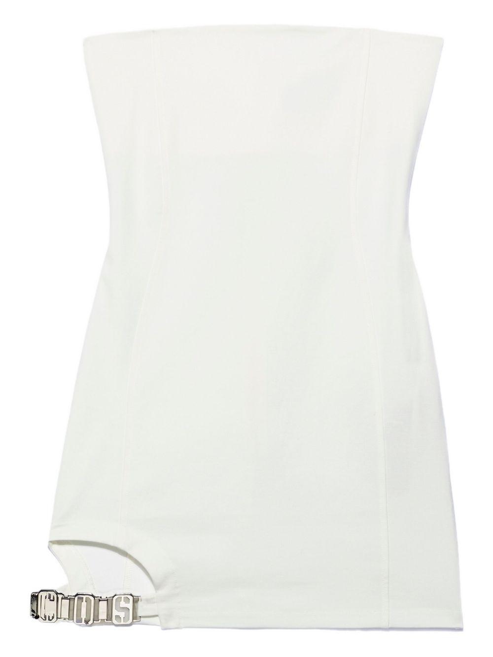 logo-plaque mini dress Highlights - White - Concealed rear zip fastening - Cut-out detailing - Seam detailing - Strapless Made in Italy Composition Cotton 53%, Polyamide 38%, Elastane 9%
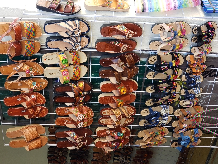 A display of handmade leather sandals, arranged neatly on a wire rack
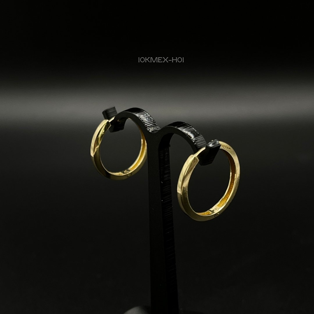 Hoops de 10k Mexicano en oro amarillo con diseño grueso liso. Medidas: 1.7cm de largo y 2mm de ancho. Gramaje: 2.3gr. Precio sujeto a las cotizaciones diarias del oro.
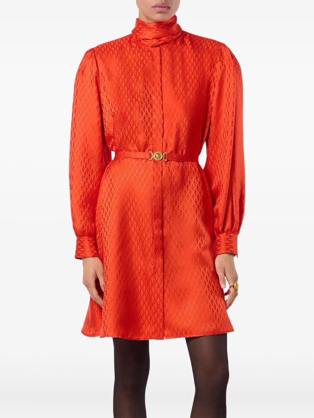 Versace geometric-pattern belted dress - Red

==

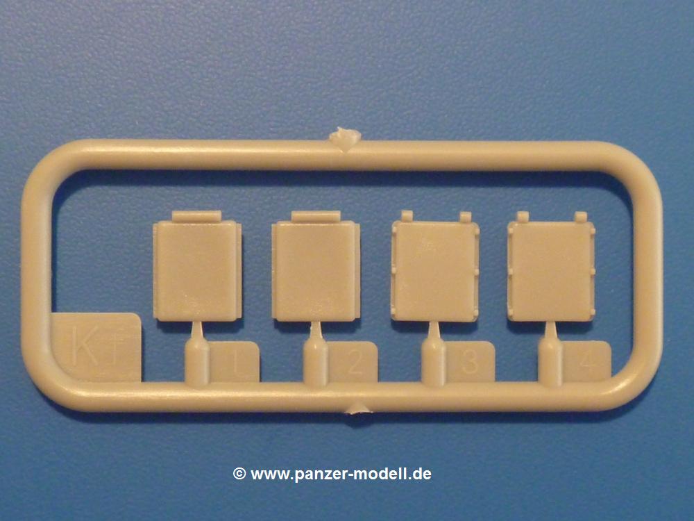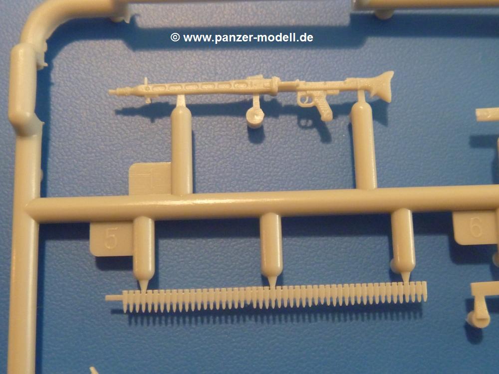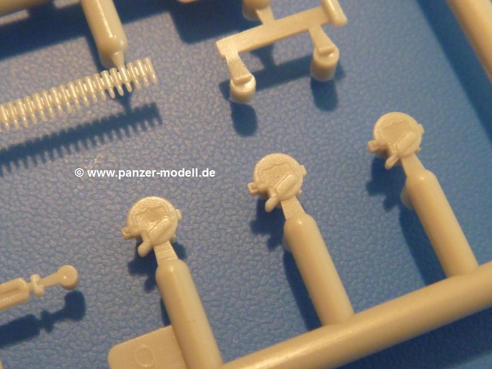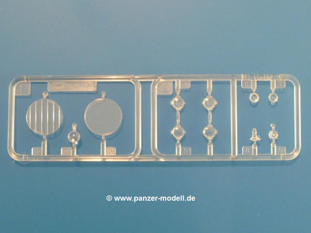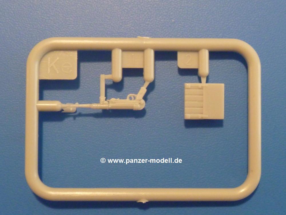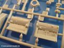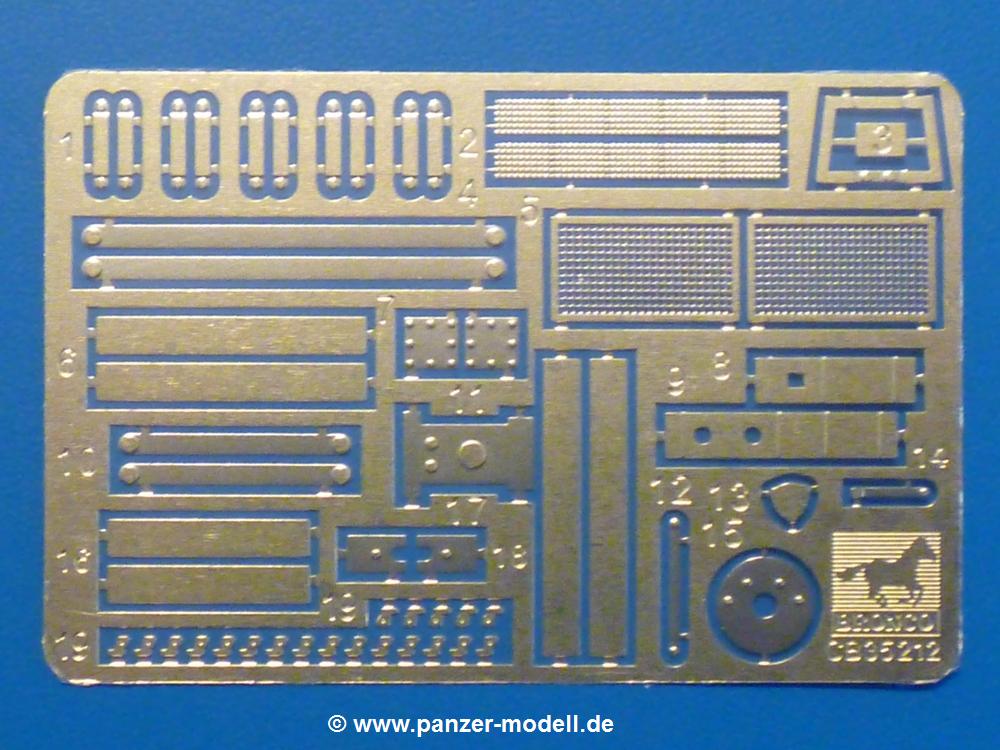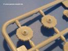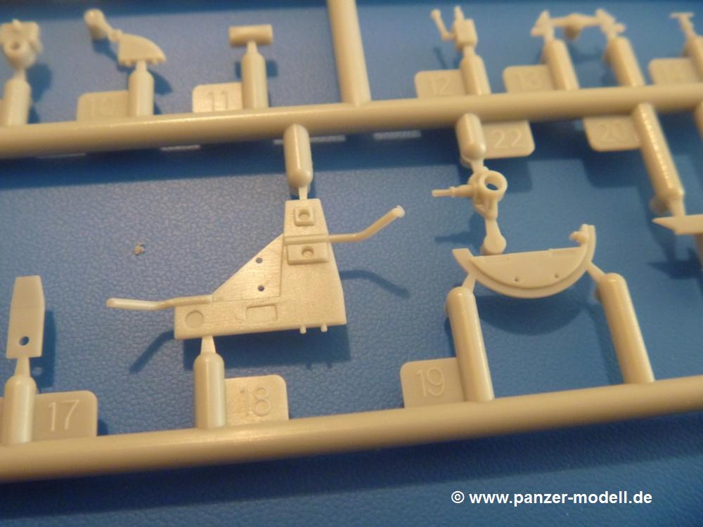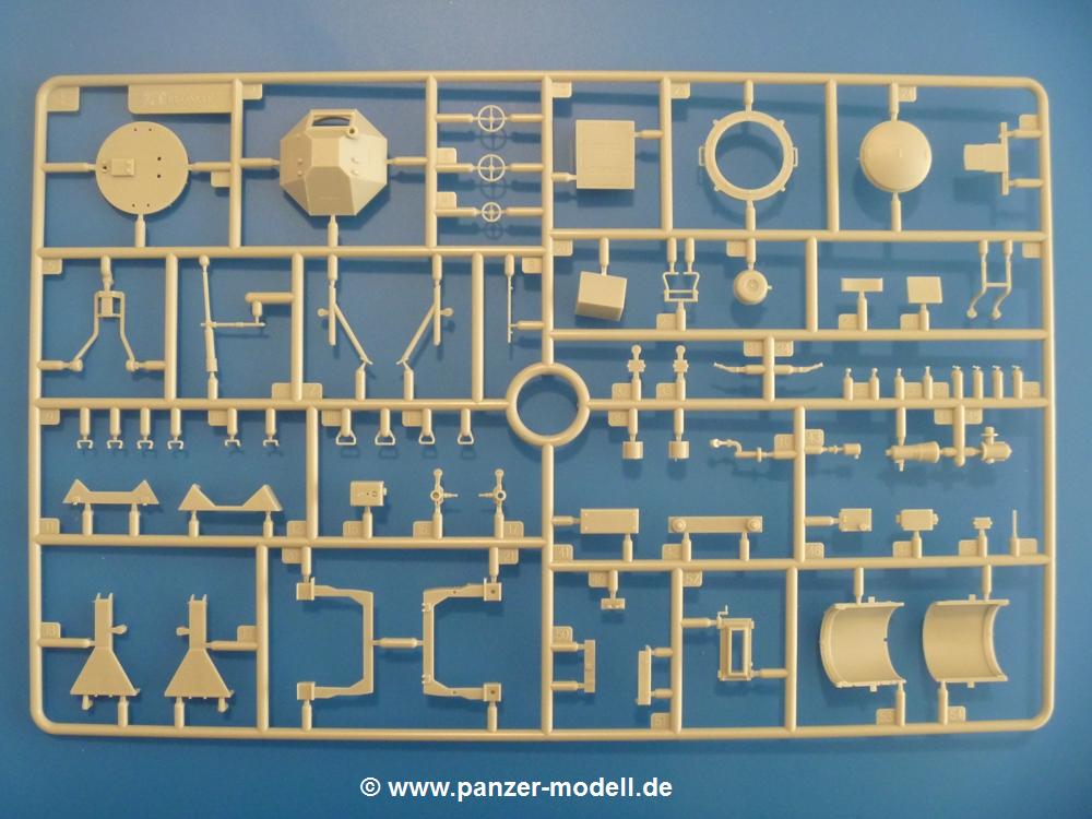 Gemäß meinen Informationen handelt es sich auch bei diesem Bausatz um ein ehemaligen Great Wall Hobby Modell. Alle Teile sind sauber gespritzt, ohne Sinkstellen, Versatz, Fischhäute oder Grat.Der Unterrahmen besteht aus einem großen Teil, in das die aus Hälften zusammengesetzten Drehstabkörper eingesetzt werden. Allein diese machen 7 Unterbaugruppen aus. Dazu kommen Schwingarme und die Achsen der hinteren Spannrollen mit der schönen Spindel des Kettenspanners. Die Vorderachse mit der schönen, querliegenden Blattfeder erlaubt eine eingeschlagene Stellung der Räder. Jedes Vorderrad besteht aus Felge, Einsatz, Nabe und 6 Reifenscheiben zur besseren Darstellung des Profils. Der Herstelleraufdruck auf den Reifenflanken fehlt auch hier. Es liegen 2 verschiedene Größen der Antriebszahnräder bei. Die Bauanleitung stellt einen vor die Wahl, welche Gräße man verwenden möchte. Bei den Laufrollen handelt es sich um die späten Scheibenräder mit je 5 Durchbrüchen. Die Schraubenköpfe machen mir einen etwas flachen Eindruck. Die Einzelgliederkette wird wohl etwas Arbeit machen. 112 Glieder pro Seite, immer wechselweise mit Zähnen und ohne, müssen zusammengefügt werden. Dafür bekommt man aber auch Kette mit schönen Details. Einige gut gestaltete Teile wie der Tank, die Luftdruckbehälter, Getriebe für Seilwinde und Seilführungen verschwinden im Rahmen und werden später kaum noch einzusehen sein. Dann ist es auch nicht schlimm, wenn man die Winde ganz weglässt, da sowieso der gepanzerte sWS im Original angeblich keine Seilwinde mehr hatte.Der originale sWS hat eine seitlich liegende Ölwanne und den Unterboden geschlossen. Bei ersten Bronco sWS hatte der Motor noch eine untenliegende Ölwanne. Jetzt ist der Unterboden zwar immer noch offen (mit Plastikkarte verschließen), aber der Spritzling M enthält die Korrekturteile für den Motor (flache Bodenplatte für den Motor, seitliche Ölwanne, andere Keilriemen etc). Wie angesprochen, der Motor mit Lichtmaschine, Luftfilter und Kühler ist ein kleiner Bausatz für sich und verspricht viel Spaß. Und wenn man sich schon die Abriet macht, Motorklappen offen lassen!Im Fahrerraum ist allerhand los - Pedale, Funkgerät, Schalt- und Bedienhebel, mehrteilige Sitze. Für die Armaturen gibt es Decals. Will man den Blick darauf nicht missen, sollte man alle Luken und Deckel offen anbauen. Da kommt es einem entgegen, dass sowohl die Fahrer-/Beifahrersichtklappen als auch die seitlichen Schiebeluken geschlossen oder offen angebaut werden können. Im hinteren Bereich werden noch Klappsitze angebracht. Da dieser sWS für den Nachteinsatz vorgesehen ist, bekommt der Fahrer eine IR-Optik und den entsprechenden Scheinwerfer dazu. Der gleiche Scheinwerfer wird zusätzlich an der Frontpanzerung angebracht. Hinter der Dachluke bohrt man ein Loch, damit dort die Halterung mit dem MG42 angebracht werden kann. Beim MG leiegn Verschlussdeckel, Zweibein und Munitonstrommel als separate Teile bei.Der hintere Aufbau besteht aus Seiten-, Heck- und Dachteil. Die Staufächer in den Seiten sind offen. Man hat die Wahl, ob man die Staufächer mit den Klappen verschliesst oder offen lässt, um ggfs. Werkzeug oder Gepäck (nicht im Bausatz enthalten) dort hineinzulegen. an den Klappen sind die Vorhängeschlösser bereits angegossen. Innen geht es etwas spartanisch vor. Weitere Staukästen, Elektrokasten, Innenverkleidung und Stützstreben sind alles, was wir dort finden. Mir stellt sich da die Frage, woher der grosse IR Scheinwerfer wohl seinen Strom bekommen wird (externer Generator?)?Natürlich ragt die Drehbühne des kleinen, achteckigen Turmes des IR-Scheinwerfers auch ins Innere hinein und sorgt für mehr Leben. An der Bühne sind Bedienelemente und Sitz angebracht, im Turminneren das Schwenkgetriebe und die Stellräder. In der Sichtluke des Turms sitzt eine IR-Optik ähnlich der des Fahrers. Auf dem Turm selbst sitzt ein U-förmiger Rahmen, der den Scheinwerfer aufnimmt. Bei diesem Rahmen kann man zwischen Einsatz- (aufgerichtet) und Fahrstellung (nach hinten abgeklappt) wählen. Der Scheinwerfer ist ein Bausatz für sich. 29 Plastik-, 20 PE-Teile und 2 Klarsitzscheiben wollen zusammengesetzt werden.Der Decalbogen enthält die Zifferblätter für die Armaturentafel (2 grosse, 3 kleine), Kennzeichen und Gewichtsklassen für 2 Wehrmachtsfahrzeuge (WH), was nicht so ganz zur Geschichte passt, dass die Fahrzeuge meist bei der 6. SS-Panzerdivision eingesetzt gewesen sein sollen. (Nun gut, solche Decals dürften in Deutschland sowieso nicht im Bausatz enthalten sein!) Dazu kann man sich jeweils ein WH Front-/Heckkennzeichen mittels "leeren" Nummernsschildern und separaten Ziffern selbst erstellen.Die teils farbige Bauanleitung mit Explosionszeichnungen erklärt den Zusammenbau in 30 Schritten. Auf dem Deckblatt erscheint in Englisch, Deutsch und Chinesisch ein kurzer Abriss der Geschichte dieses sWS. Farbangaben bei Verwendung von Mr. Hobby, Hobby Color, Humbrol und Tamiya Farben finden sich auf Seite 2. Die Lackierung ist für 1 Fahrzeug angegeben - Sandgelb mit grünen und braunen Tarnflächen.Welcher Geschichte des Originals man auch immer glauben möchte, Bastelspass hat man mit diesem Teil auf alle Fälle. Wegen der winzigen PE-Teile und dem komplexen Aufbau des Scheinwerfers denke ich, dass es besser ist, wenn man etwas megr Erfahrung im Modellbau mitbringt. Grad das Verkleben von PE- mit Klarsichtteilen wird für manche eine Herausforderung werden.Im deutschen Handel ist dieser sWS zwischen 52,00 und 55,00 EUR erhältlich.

* * *

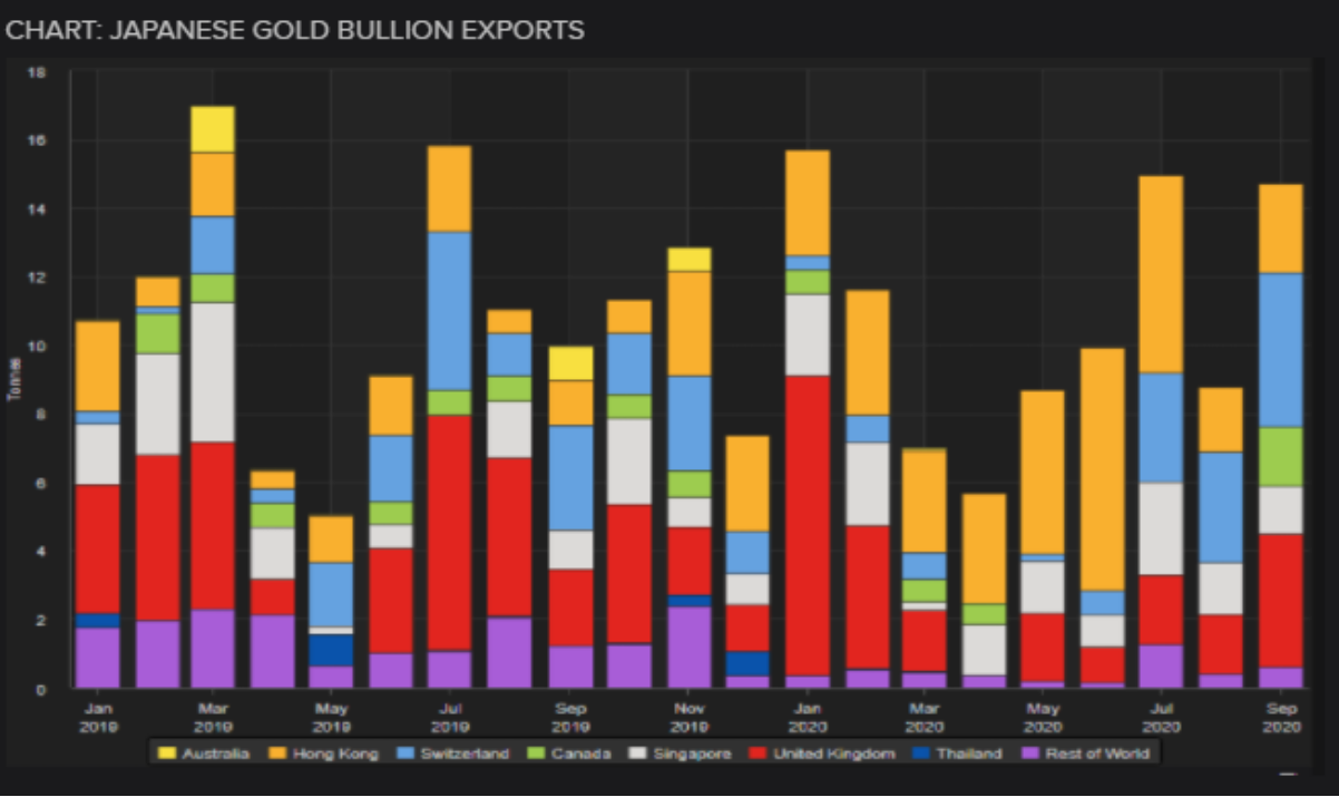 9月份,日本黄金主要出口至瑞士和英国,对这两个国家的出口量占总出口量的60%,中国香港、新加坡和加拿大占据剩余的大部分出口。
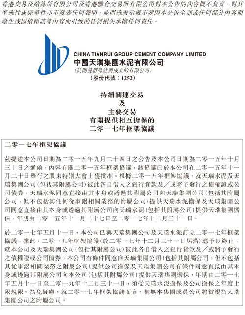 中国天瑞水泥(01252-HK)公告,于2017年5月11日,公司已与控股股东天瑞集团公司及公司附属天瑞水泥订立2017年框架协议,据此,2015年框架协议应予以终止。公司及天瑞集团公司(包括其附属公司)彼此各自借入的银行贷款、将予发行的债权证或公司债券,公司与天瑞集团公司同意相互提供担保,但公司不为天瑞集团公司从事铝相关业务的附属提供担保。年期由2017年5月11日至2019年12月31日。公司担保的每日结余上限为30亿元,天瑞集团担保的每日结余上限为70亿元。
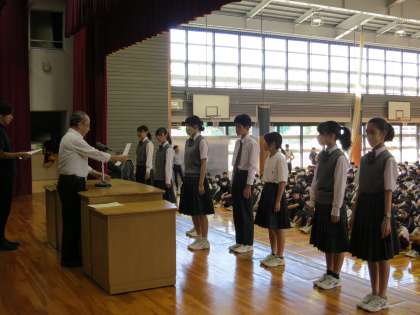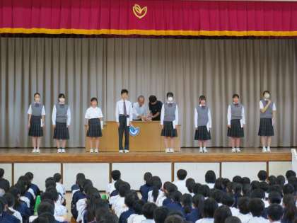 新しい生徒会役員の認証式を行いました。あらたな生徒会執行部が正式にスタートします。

WHAT YOU WILL DO. Look above for the line containing "Hoops de 10k", then write out every line from there down to the line containing "Versace geometric-pattern belted dress - Red", that line included, with no pictures.

ANSWER SECTION.
 Hoops de 10k Mexicano en oro amarillo con diseño grueso liso. Medidas: 1.7cm de largo y 2mm de ancho. Gramaje: 2.3gr. Precio sujeto a las cotizaciones diarias del oro.
 Versace geometric-pattern belted dress - Red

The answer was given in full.